2) Unscripted (involuntary):

This is simply another way of saying “busted ass”.  By the time you realize you’re going to bust ass, it’s usually too late, and next thing you know, you’re on the floor. To simulate, I suggest having someone there to help practice, preferably on 2 feet.  They’ll be able to help simulate a real fall by slowly tipping your wheelchair back until your shoulder blades are touching the floor and you’re looking up at the ceiling.

They can gently tip your wheelchair back onto the floor, simulating a “busted ass” situation. More importantly, if you end up stuck like a turtle on it’s back, they’ll be able to help you back into the wheelchair.  It’s extremely important to tuck your head forward when you practice flipping backward.  If the fall is a result of the wheelchair flipping back there is a decent chance you’ll hit your head on the ground.  If/when you ever fall, tuck your head forward to stop this from happening.  Becoming paralyzed sucks… Becoming paralyzed, then cracking your head open on the kitchen floor REALLY sucks….

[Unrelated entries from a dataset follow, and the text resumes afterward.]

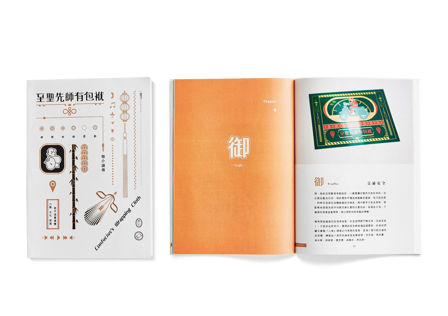In ancient Chinese culture, six disciplines formed the basis of education: writing, mathematics, archery, chariot riding, music and rites. The Six Arts became a part of Confucian philosophy and embody the values of ritual, self-discipline and social etiquette. In order to recall this traditional education and to share its values, the illustrations visualise the Six Arts as modern, colourful scenarios. The stylised motifs serve as emblems for a website, animations and brochures, yet also decorate various items of daily use, for instance a wrapping cloth.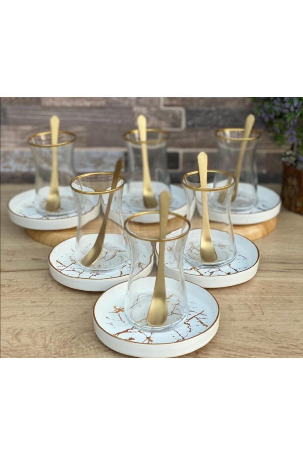 12 Parça 6 Kişilik Mermer Tiamo Çay Seti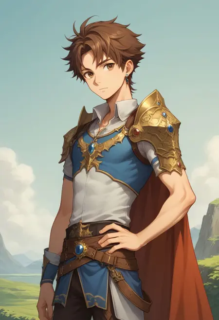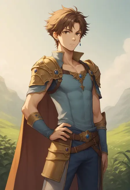 盔甲版: 巴兹,1个男孩,棕色头发,短发,棕色眼睛,首饰,耳环,盔甲,肩甲,斗篷,靴子,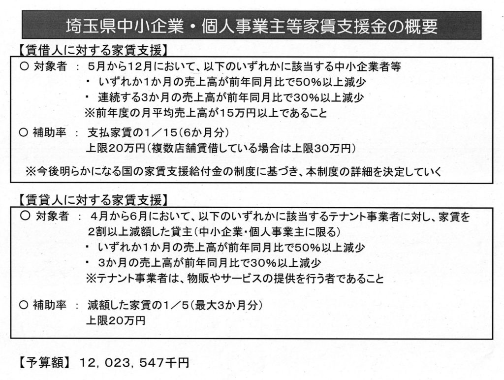 写真は、県議会で審議中の店舗・中小企業【家賃補助】(支援金)。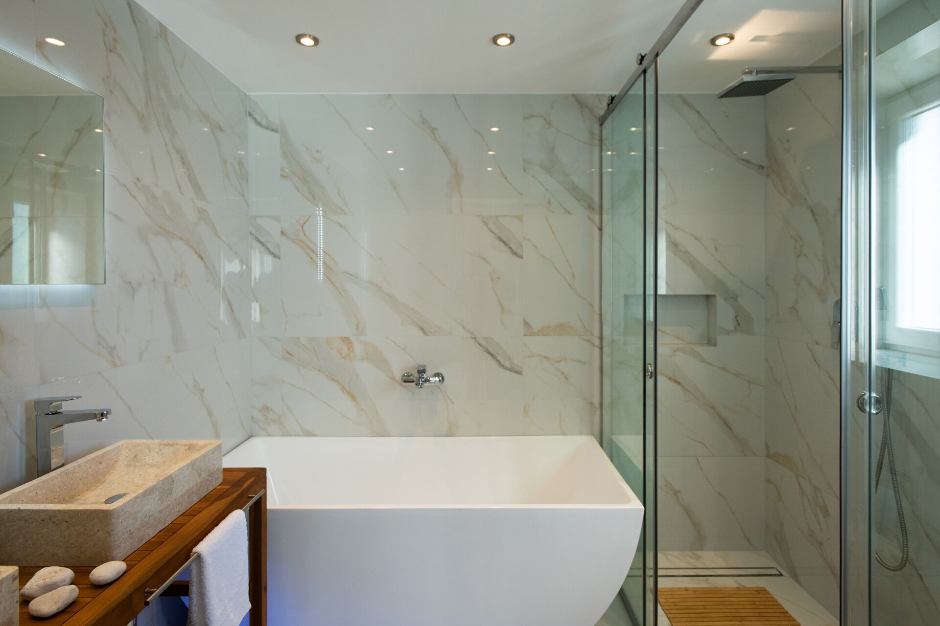 Die Villa erstreckt sich über drei Etagen, verfügt über 3 Schlafzimmer und große Gemeinschaftsräume, zu denen auch ein Wellnessbereich mit interner Hydromassagewanne gehört (im unteren Stockwerk der Villa). Diese Villa bietet bequem Platz für bis zu 6/8 Personen in einer sehr exklusiven Umgebung mit Panoramablick.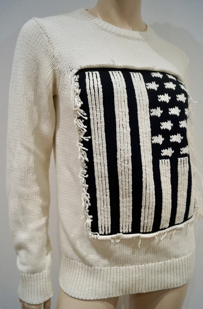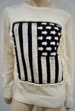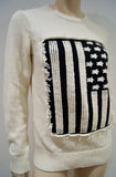 COACH NEW YORK Cream Cotton Blend Knit Flag Pattern Front Jumper Sweater Top S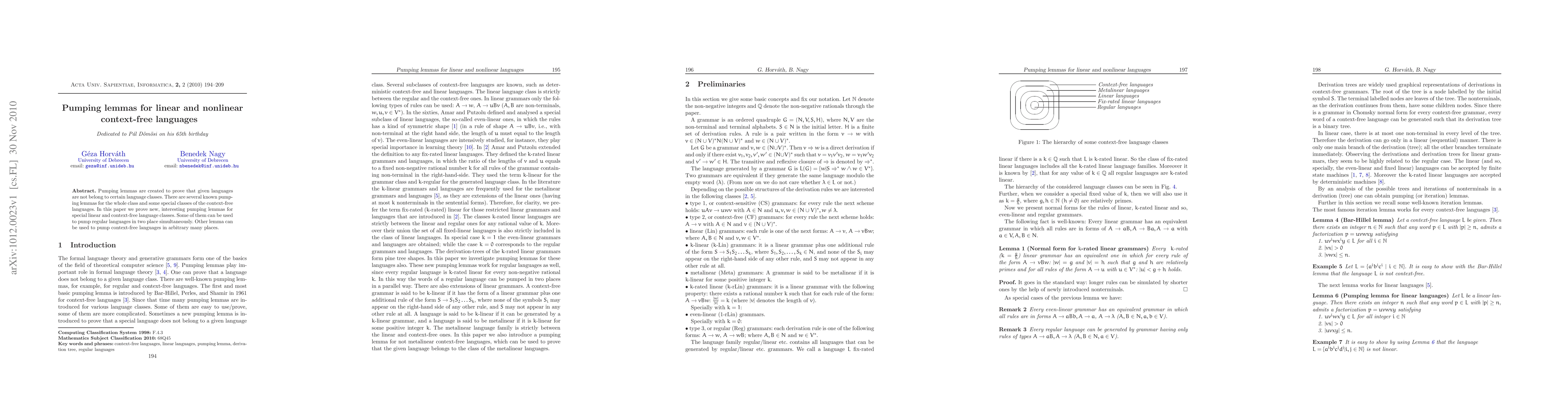 This paper introduces novel pumping lemmas for specific linear and nonlinear context-free language classes, enabling the demonstration of non-membership in these classes. Some lemmas allow simultaneous pumping in regular languages, while others enable pumping in context-free languages at multiple locations.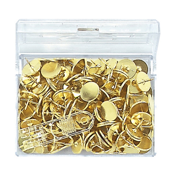 押し易さをを追求し、押部が凹型の画鋲です。画鋲抜取器付き。収納に便利な約500本PPケース入り。●カラー:表面真鍮メッキ(ゴールド)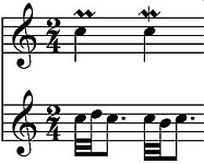 Veel ornamenten worden uitgevoerd als "snelle noten" rond een centrale hoofdnoot. Een (niet uitputtend) overzicht van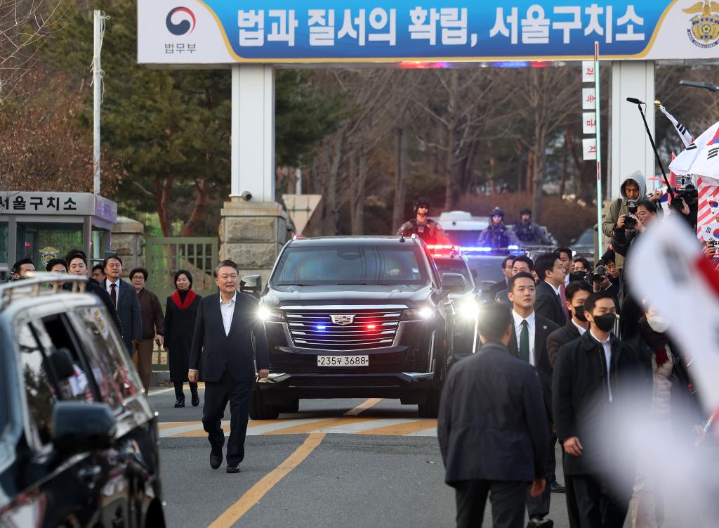 SEOUL, 8 mars (Xinhua) -- Le président sud-coréen Yoon Suk-yeol est sorti en marchant du centre de détention et s'est incliné devant ses partisans suite à la décision du parquet de ne pas faire appel de l'approbation de sa libération par un tribunal de Séoul, a-t-on appris samedi lors d'une retransmission en direct.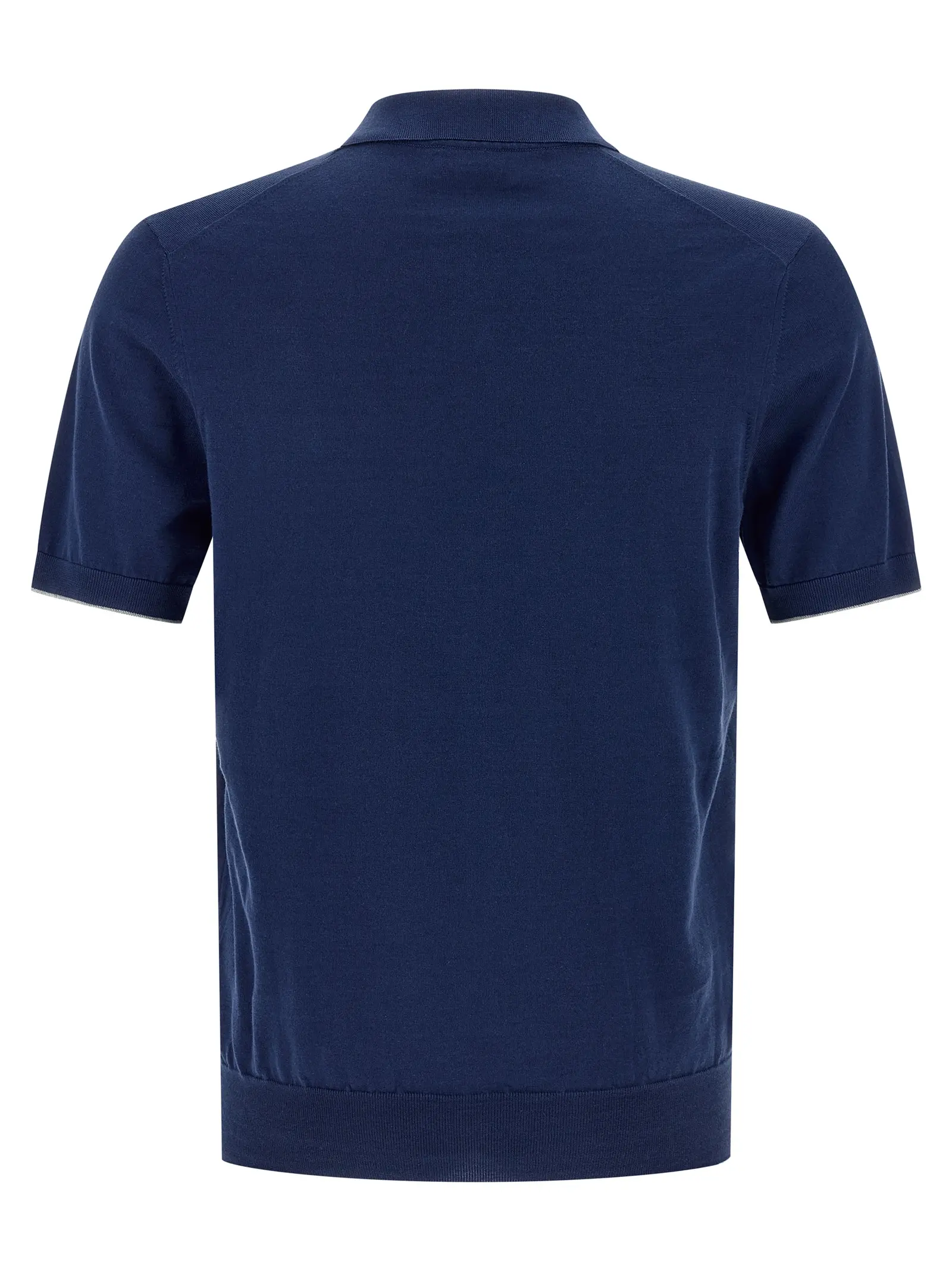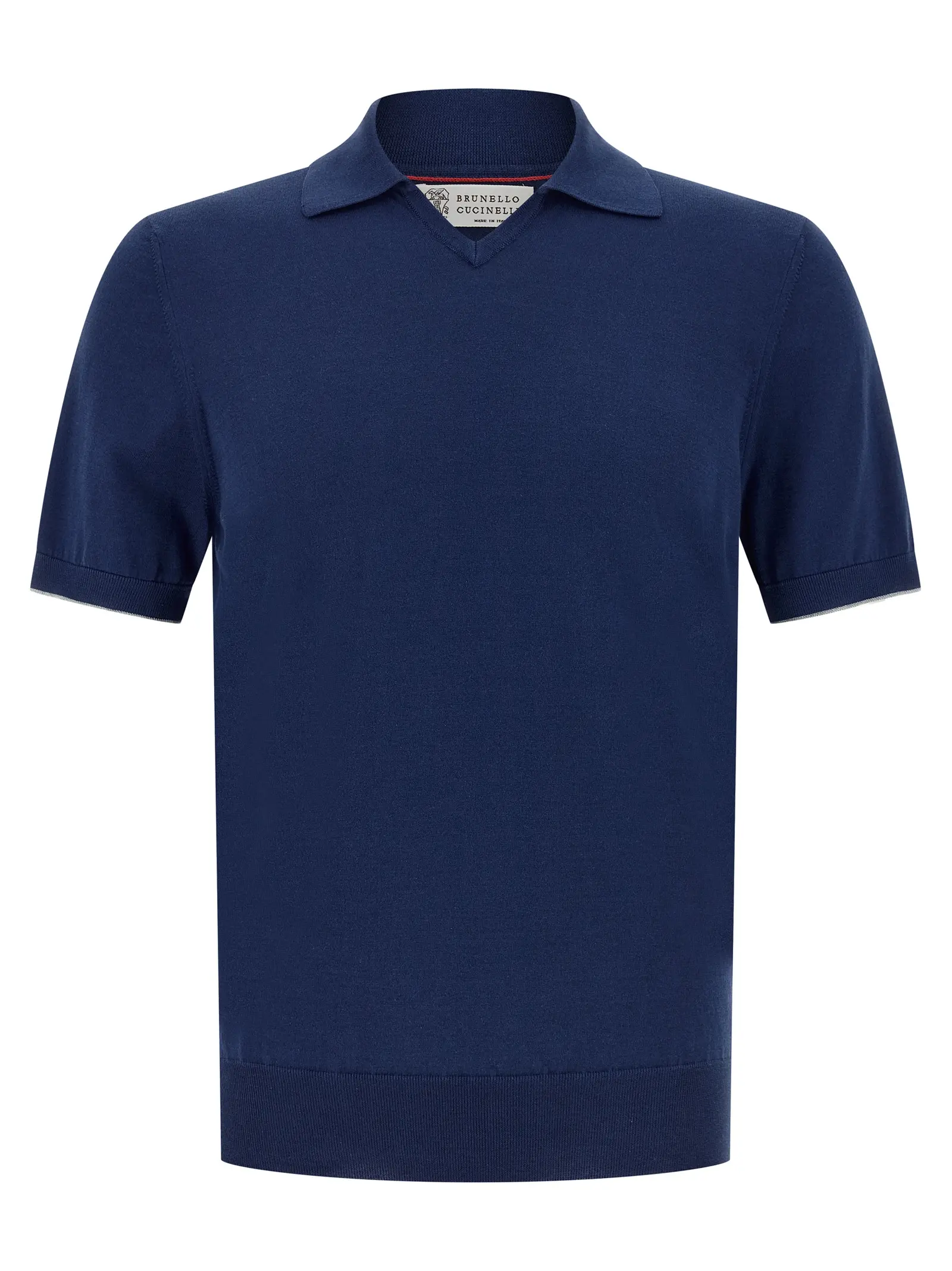 V-подібний виріз горловини з коміром та контрастний кант на рукавах. Еластична вставка по нижньому краю. Склад 100% бавовна.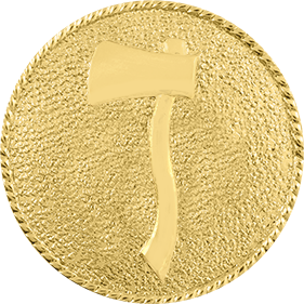 Left facing fire axe collar insignia, plain background.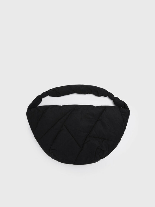 Трендовая женская дутая сумка с оригинальной простежкой. Форма полумесяц. Яркая подкладка является акцентной деталью этой модели. Сумку можно носить как на плече, так и как кросс-боди. Сумка закрывается на молнию. Внутри есть карман на молнии для документов. Параметры: высота - 28 см, ширина - 56 см, глубина - 15 см.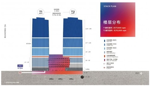 瑞虹企業(yè)天地以雙子樓造型相互輝映,樓宇高約170米,共33層(實(shí)際層),大堂的挑空設(shè)計(jì)盡顯垂直動(dòng)線上的靈動(dòng)感。在空間設(shè)計(jì)方面,為了滿足企業(yè)對(duì)于空間靈活設(shè)計(jì)的需求,打造更具藝術(shù)感、更自由的工作環(huán)境,樓內(nèi)包含4.35米的標(biāo)準(zhǔn)層高和5.25米的挑高樓層,為企業(yè)提供多樣性的選擇。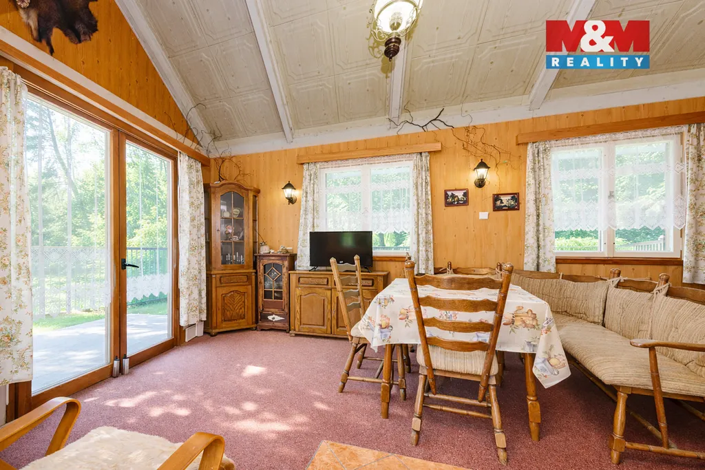 K prodeji útulná dřevěná chata na krásné polosamotě v katastrálním území Nekoř, jen pár minut chůze od oblíbené přehrady Pastvinská přehrada.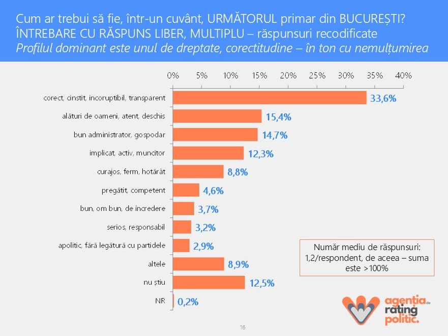 Va fi o cursă între un profil de protest şi un profil de primar clasic. De departe, cel mai puternic profil solicitat este: primar corect-cinstit-necorupt (33%) şi, abia apoi, pe locul doi, unul aproape de oameni sau gospodar. Nu există un candidat puternic şi unificator al mai multor segmente electorale (coaliţii de votanţi).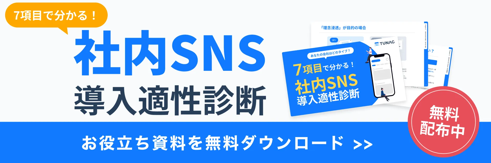 たった7項目で、社内SNSが自社に合うか合わないか診断できる資料です。失敗パターンや成功ポイントも解説。ぜひダウンロードしてセルフチェックにご活用ください。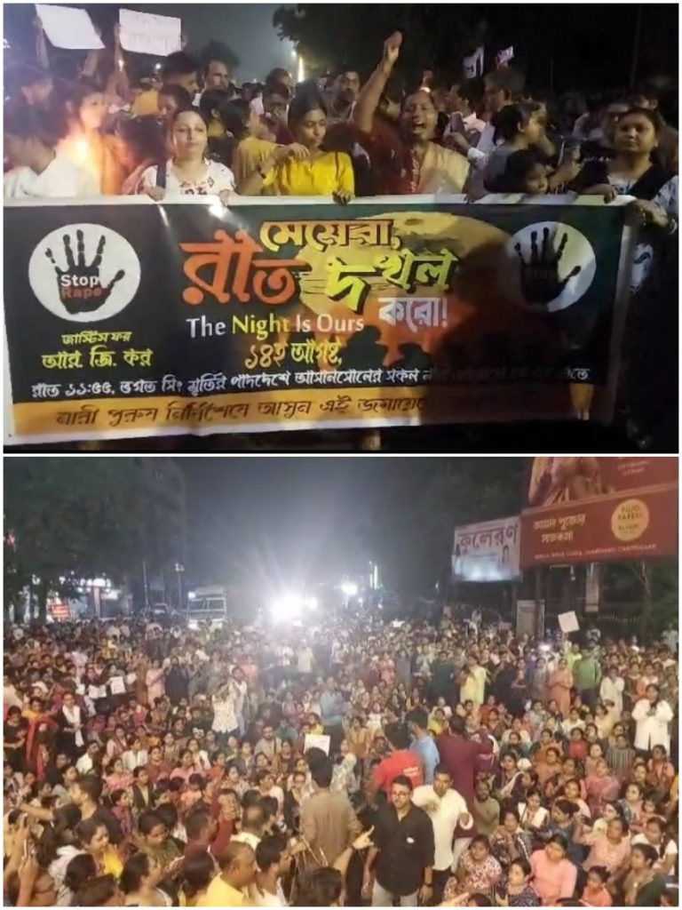 आसनसोल :कोलकाता के आरजी कर मेडिकल कॉलेज हॉस्पिटल में एक पीजीटी महिला डॉक्टर के साथ बलात्कार कर उसकी हत्या कर दिए जाने के खिलाफ पूरे देश में विरोध के स्वर सुनाई दे रहे हैं आसनसोल में भी इस घृणित कांड की निंदा की जा रही है इसे लेकर कल पूरे देश में महिलाओं द्वारा एक अनोखे तरीके से विरोध प्रदर्शन किया गया उन्होंने भारत की आजादी की पूर्व संध्या पर रात 11:50 से रात में सड़कों पर निकलकर इस कांड का विरोध किया और आरोपियों की गिरफ्तारी और उनको कड़ी से कड़ी सजा देने की मांग की आसनसोल में बीएनआर मोड़ इलाके में हजारों की संख्या में महिलाएं और पुरुष शामिल हुए और कोलकाता की उस महिला डॉक्टर के परिवार को इंसाफ दिलाने की मांग की हमने जब प्रदर्शन कर रही कुछ महिलाओं से बात की तो उनका कहना था कि कोलकाता के मेडिकल कॉलेज हॉस्पिटल में जो घटना घटी वह कोई नई घटना नहीं थी आए दिन हर उम्र की लड़कियों औरतों को इस तरह की घटनाओं का सामना करना पड़ता है चाहे वह कार्यस्थल पर हो या बसों में ट्रेनों में या सड़कों पर उन्होंने कहा कि आज यह घटना सबके सामने आई है इसे लेकर बड़े पैमाने पर विरोध प्रदर्शन किया जा रहा है लेकिन सच्चाई यह है कि इस तरह की घटनाएं रोज हो रही है कुछ मीडिया के सामने आती है कुछ नहीं आती इन महिलाओं का कहना है कि हो सकता है इस घटना में दोषियों को सजा मिले लेकिन बात सिर्फ एक घटना के दोषियों को सजा देने की नहीं है बात उस सोच में बदलाव लाने की है जो लड़कियों पर तमाम तरह की बंदिशें लगाती हैं जो कहते तो हैं कि महिलाएं और पुरुष समान है लेकिन आज भी महिलाओं के लिए कई रास्ते बंद है उन्होंने कहा कि आखिर एक महिला को यह क्यों सोचना पड़े कि वह रात में निकलेगी या नहीं क्योंकि आज महिलाएं विभिन्न पेशों में काम कर रहीं हैं ऐसे में उनको नाइट ड्यूटी भी करनी पड़ती है अगर उनको रात में निकलने में डर महसूस होगा तो वह काम कैसे करेंगी इसके अलावा महिला कहां जाती है क्या पहनती है इस पर भी उसका आंकलन किया जाता है जो कि सरासर गलत है इसीलिए आज हजारों की संख्या में महिलाएं यहां पर इकट्ठा हुई है और महिला डॉक्टर को इंसाफ दिलाने के साथ ही यह आवाज भी उठा रहीं हैं कि समाज की सोच बदलें ताकि महिलाएं बिना किसी डर या आतंक के हर जगह पर कभी भी अपना काम कर सकें उनके मन में कोई डर ना रहे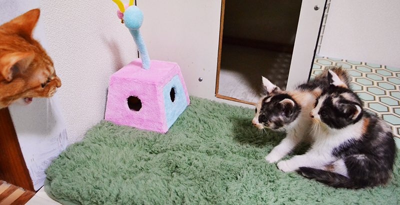 ▼這對花貓姐妹是同一天出生的,由同一隻橘貓前輩一手帶大。牠們吃同樣的東西,生活環境也一模一樣,但在成長的道路上卻南轅北轍。

I had only been paralyzed for 3-4 weeks the first time I busted ass.  I was still newly injured, living in-patient at Jackson Memorial Hospital in Miami, Florida.  Earlier the same day my physical therapist had taught me how to pop a wheelie up a street curb.  Later that evening I was rolling to dinner with my mother and girlfriend at the time.  The hospital had a decent cafeteria, which was in the building next-door.  On the way, I spotted a street curb…  Feeling bold and confident, I told them both to “watch this”…  I rolled quickly toward the curb, popped a wheelie, slammed my front wheels on top of the curb… My back wheels lifted off the ground, but never made it to the top of the curb… The Result:  With momentum, my back wheels came back down toward the ground in front of the curb.  They hit the ground and I was flipped backward out of the wheelchair.  I had never been on the floor in this situation, and was unable to get back into the wheelchair on my own.  Luckily a doctor passing by offered his assistance, basically picking me up and placing me in my wheelchair.  The feeling I had was a depressing helpless one.  I promised myself, if physically possible, I would never feel dependent and/or helpless again.  Alone in my hospital room the next day I practiced transferring from the floor into my wheelchair for 3 hours straight.  I didn’t stop practicing until I knew the helpless feeling was gone.  From that day forward I never asked nor needed help getting in my wheelchair, regardless of the situation.